Differential phase contrast from electrons that cause inner shell ionization

TL;DR

This paper explores differential phase contrast imaging using core-loss electrons caused by inner shell ionization, revealing how inelastic scattering influences contrast and its potential for thicker, element-specific imaging.

Contribution

It introduces a transition potential approach for modeling inelastic DPC and analyzes the effects of delocalization and incoherence on image contrast and interpretability.

Findings

Inelastic DPC contrast depends on ionization interaction range.

Inelastic DPC images are more robust at larger sample thicknesses.
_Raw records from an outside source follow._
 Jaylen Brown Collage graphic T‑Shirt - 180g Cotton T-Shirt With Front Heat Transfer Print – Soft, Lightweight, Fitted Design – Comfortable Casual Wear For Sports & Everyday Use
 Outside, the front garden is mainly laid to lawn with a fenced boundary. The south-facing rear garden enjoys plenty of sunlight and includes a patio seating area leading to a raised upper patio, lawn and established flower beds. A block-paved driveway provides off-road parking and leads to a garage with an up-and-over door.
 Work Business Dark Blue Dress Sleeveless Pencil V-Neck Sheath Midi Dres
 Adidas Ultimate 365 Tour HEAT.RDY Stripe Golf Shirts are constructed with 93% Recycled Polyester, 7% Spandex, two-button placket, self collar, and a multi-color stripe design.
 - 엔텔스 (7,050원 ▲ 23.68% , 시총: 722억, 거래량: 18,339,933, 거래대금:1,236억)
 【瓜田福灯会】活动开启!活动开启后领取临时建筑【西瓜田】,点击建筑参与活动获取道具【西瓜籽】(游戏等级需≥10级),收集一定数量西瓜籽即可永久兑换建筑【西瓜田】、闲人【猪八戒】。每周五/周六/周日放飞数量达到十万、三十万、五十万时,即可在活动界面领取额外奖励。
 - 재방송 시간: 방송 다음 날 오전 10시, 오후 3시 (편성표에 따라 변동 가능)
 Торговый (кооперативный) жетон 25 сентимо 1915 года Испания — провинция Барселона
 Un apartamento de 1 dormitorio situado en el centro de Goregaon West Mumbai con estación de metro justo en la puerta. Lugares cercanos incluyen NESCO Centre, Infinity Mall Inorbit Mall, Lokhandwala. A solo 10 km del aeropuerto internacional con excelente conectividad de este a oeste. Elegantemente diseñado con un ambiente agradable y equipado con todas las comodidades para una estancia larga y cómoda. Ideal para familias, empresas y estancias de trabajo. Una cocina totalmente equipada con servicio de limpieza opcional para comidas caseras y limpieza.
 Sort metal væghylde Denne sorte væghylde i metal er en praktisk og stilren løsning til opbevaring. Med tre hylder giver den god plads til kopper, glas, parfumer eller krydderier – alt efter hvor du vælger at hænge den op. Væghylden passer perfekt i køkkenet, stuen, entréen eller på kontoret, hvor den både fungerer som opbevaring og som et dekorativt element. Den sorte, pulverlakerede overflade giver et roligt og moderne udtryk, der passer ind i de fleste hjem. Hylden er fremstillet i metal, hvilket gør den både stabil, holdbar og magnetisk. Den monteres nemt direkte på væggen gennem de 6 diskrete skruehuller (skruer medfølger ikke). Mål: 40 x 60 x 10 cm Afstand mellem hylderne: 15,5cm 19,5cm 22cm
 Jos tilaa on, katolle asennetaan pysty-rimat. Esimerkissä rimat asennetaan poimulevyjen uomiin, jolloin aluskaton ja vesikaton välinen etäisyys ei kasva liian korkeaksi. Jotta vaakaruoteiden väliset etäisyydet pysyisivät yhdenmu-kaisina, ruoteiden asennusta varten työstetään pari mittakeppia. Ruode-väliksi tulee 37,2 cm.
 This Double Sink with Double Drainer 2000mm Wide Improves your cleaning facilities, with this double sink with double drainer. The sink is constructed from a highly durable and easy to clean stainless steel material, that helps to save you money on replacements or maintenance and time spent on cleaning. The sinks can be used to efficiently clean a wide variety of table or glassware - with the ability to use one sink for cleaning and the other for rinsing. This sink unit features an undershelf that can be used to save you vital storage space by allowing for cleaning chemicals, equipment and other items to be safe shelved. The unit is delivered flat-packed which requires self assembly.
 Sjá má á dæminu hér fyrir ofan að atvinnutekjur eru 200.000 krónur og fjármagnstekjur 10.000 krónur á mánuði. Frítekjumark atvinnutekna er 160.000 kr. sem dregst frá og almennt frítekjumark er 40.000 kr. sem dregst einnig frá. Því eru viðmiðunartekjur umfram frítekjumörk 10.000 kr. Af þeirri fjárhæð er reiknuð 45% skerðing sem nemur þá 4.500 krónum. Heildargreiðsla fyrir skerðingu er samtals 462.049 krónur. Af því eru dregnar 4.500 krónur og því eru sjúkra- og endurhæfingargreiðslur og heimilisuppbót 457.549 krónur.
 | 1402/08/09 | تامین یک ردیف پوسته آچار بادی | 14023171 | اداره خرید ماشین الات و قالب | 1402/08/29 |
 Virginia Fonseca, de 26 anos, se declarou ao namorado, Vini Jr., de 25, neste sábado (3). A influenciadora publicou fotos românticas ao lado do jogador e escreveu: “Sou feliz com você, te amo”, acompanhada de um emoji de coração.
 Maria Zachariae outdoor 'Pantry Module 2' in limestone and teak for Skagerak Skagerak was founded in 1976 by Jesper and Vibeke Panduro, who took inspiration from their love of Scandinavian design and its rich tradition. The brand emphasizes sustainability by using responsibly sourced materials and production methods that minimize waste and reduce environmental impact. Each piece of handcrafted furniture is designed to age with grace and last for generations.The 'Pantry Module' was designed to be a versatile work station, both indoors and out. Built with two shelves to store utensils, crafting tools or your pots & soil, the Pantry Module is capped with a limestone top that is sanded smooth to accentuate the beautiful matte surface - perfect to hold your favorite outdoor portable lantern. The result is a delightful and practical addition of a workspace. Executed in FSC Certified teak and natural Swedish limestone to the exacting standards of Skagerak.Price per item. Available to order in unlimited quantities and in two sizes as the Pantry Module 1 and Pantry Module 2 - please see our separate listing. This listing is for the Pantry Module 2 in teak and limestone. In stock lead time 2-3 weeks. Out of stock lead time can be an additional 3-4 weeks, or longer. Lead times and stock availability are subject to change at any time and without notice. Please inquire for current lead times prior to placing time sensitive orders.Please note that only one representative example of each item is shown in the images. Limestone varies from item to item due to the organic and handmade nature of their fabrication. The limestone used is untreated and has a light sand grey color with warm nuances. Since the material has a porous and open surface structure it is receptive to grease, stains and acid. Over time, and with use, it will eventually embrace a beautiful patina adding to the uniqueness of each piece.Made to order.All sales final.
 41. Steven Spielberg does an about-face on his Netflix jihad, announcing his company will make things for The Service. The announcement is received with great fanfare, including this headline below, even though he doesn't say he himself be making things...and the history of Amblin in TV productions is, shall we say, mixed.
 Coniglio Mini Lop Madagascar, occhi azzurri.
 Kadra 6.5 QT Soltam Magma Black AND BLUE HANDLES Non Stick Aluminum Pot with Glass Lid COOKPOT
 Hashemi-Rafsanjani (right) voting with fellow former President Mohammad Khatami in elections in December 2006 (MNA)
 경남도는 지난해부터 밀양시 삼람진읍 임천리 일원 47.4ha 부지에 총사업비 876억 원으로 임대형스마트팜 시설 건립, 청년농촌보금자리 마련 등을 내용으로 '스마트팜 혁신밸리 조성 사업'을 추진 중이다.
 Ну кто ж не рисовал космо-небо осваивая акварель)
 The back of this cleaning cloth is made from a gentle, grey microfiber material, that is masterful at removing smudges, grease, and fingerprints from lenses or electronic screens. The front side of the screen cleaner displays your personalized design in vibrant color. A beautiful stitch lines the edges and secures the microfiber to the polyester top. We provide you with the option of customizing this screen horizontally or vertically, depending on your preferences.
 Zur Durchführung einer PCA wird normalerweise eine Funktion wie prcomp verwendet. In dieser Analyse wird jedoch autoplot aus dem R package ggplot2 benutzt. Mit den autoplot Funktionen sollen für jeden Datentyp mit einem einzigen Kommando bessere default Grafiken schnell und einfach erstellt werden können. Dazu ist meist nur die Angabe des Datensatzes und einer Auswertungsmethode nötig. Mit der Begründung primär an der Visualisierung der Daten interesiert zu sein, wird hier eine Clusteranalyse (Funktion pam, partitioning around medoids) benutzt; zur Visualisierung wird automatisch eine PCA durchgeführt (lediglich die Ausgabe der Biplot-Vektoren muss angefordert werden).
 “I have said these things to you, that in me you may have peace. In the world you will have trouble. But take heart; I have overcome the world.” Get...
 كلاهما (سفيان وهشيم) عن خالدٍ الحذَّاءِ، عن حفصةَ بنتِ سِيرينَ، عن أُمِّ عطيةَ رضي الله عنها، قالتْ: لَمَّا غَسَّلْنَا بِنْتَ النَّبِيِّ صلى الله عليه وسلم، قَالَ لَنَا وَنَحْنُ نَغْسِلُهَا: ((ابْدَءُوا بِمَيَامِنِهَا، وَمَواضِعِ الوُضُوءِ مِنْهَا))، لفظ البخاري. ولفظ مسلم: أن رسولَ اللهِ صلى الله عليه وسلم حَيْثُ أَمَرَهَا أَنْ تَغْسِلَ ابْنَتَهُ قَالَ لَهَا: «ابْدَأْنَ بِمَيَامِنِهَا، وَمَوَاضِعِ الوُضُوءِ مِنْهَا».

Signal-to-noise ratio improves with thickness, aiding thicker sample imaging.

Abstract

Differential Phase Contrast (DPC) imaging, in which deviations in the bright field beam are in proportion to the electric field, has been extensively studied in the context of pure elastic scattering. Here we discuss differential phase contrast formed from core-loss scattered electrons, i.e. those that have caused inner shell ionization of atoms in the specimen, using a transition potential approach for which we study the number of final states needed for a converged calculation. In the phase object approximation, we show formally that differential phase contrast formed from core-loss scattered electrons is mainly a result of preservation of elastic contrast. Through simulation we demonstrate that whether the inelastic DPC images show element selective contrast depends on the spatial range of the ionization interaction, and specifically that when the energy loss is low the delocalisation can lead to contributions to the contrast from atoms other than that ionized. We further show that inelastic DPC images remain robustly interpretable to larger thicknesses than is the case for elastic DPC images, owing to the incoherence of the inelastic wavefields, though subtleties due to channelling remain. Lastly, we show that while a very high dose will be needed for sufficient counting statistics to discern differential phase contrast from core-loss scattered electrons, there is some enhancement of signal-to-noise ratio with thickness that makes inelastic DPC imaging more achievable for thicker samples.